On peut alors lire le soutien au multilatéralisme (ou sa critique) comme un acte politique à part entière, à rebours du consensus transpartisan qu’il représentait il y a encore quelques années. Face à cela, comment évolue l’Union européenne ?

Plaidoyer pour une 'Commission géopolitique'

La diplomatie européenne cherche à s’affirmer comme une véritable puissance au service de la méthode multilatérale. Cela commence par une affirmation de son modèle démocratique, concurrencé par des alternatives autoritaires à travers la planète entière, entre la montée du nationalo-populisme, les ingérences étrangères, et l’affaissement plus général de l’idéal de la démocratie représentative.

Pour réussir à défendre la méthode multilatérale, la diplomatie européenne devra davantage inclure les pays dits du Sud. Cette dénomination générique a souvent conduit à enfermer ces pays dans un tout uniforme, à l’écart des grands pôles d’influence géopolitique. Mieux prendre en compte leurs spécificités permettrait à l’UE de mieux inclure ses partenaires dans les instances multilatérales actuelles et de renforcer son influence face à l’appareil diplomatique chinois.

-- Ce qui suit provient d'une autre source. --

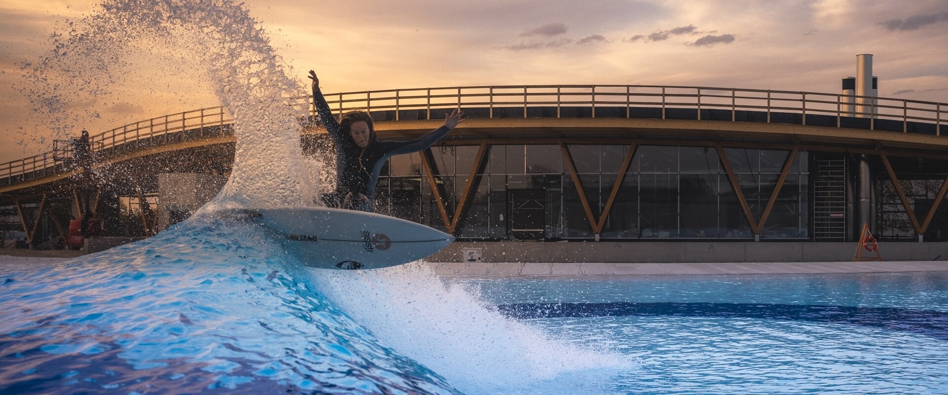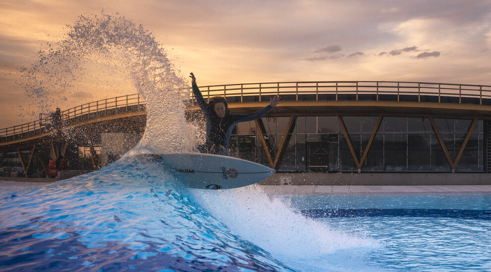 Bevor die Anlage im Sommer offiziell eröffnet, konnten Pressevertreter:innen einen exklusiven ersten Blick auf den Wavepool werfen und seine Premiere bei einer Test-Vorführung miterleben. Die Wellen werden durch die einzigartige Endless-Surf-Wellentechnologie erzeugt, die auf Luftdruck basiert. Der Surfpark befindet sich noch in der Fertigstellung, weshalb ein genaues Eröffnungsdatum noch nicht steht.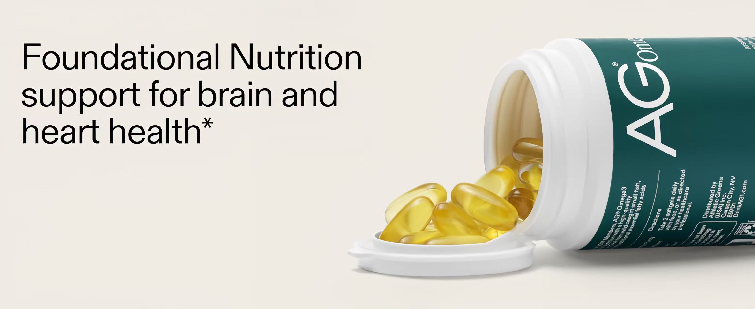 We formulate our AG Omega3 fish-oil soft gel supplements as a separate product from AG1 to ensure we're offering the highest-quality and most highly absorbable forms of EPA and DHA while keeping AG1 simple to use, water-soluble, and vegan.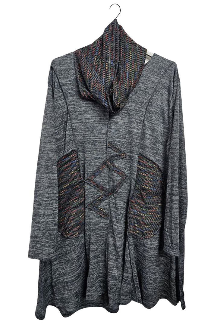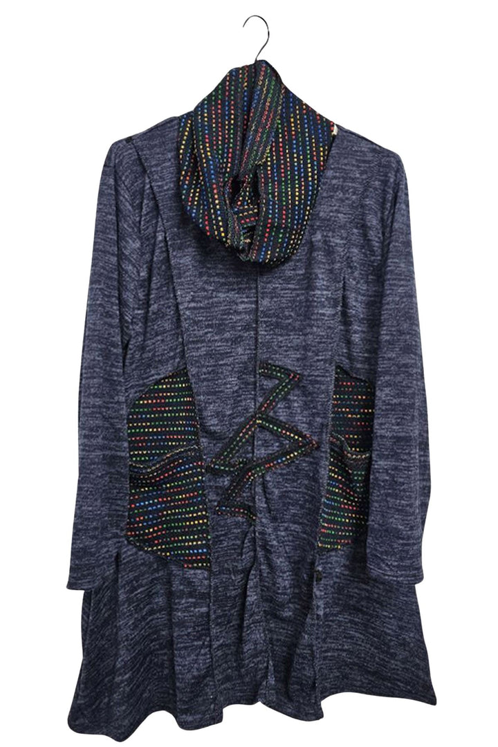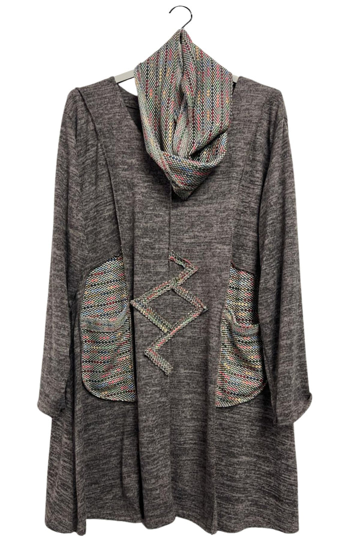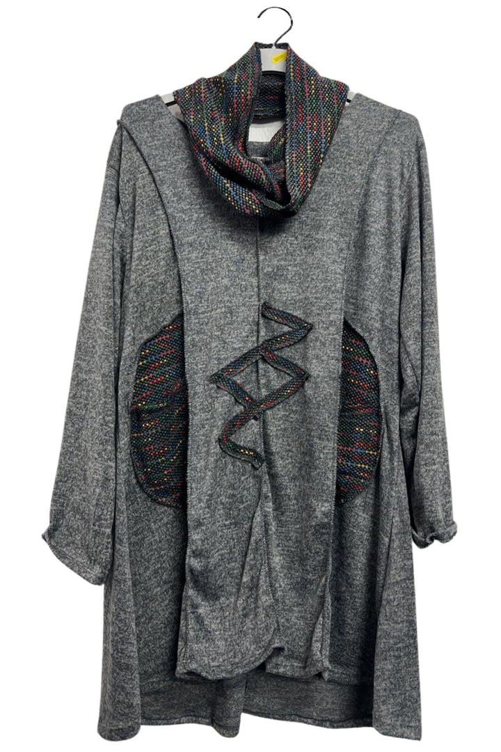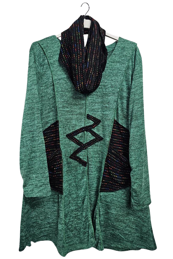 Elevate your casual autumn and winter wardrobe with this stunning Italian viscose top. Featuring a vibrant coloured zigzag pattern, this top brings playful energy to your look. The round neck and long sleeves provide warmth and comfort during cooler seasons, while the loose fit ensures plus-size figures feel relaxed and stylish. Front pockets add both practicality and charm, making it perfect for everyday wear. This top comes with a matching scarf, creating a coordinated, effortless style. Made for comfort and versatility, this piece is ideal for layering, bringing together style and functionality for the modern, casual woman.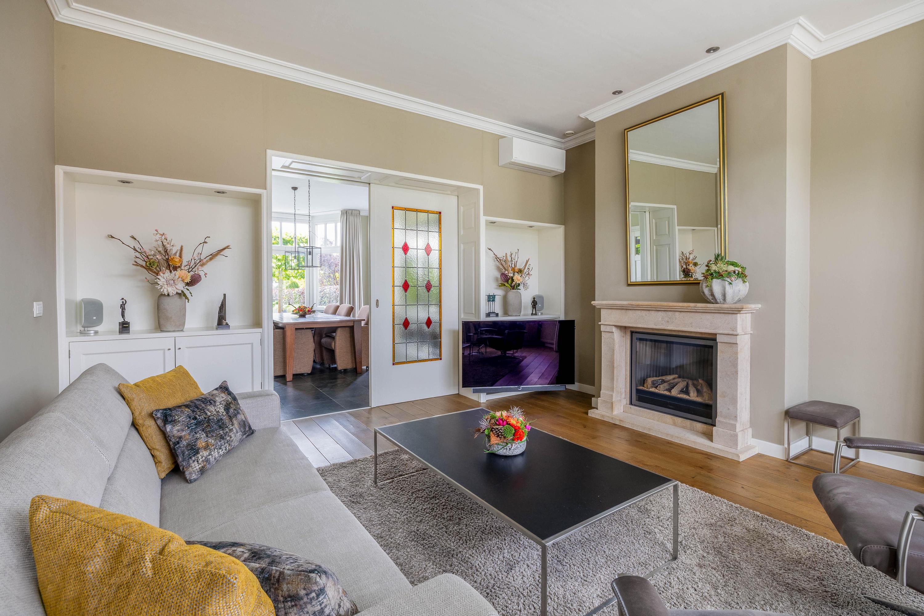 In de, met licht overgoten, woonkamer ligt in het voorste gedeelte een houten vloer. Vanuit de erker is er zicht op de eigen voortuin. Hier zijn een mooie gashaard. airco en twee muurkasten aanwezig. De prachtige en-suite deuren met glas-in-lood bieden toegang tot de eetkamer. Hier ligt een tegelvloer en is ook een muurkast aanwezig. Openslaande deuren bieden toegang tot de tuin. De woonkamer is ca. 53m².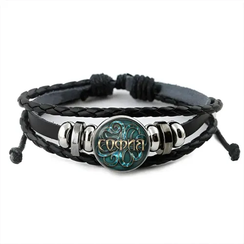 Именной кожаный браслет с декоративным элементом под стеклянной линзой.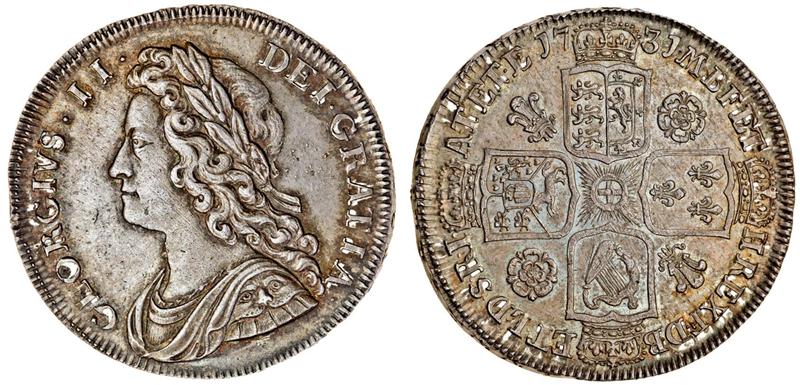 (x) George II, Halfcrown, 1731 qvinto, young laureate, cuirassed and draped bust left, rev. four crowned shields cruciform, roses and plumes (ESC 595; S.3692), light adjustment marks, toned, almost extremely fine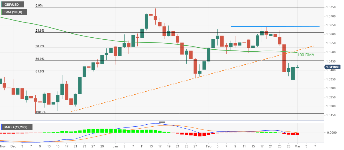 However, a daily closing below the 61.8% Fibonacci retracement (Fibo.) of December-January upside, around 1.3385, becomes necessary to aim for February’s low near 1.3275, with the 1.3300 likely acting as a buffer.

En particulier, cela passe par une rénovation des liens entre l’Afrique et l’Europe. La crise du COVID, au cours de laquelle la France et le Sénégal ont conjointement plaidé pour un rééchelonnement des dettes publiques africaines pour éviter de se retrouver sous le joug financier de Pékin, a démontré qu’une aire de coopération était possible.

Et pour porter le flambeau multilatéral avec plus de force, l’Union européenne devra sans doute aussi simplifier sa gouvernance. La règle de l’unanimité systématique sur les sujets de politique extérieure freine encore les coalitions politiques plus volontaristes. Au fond, pour défendre le multilatéralisme, l’UE aura besoin d’être un peu moins multilatérale et un peu plus politique.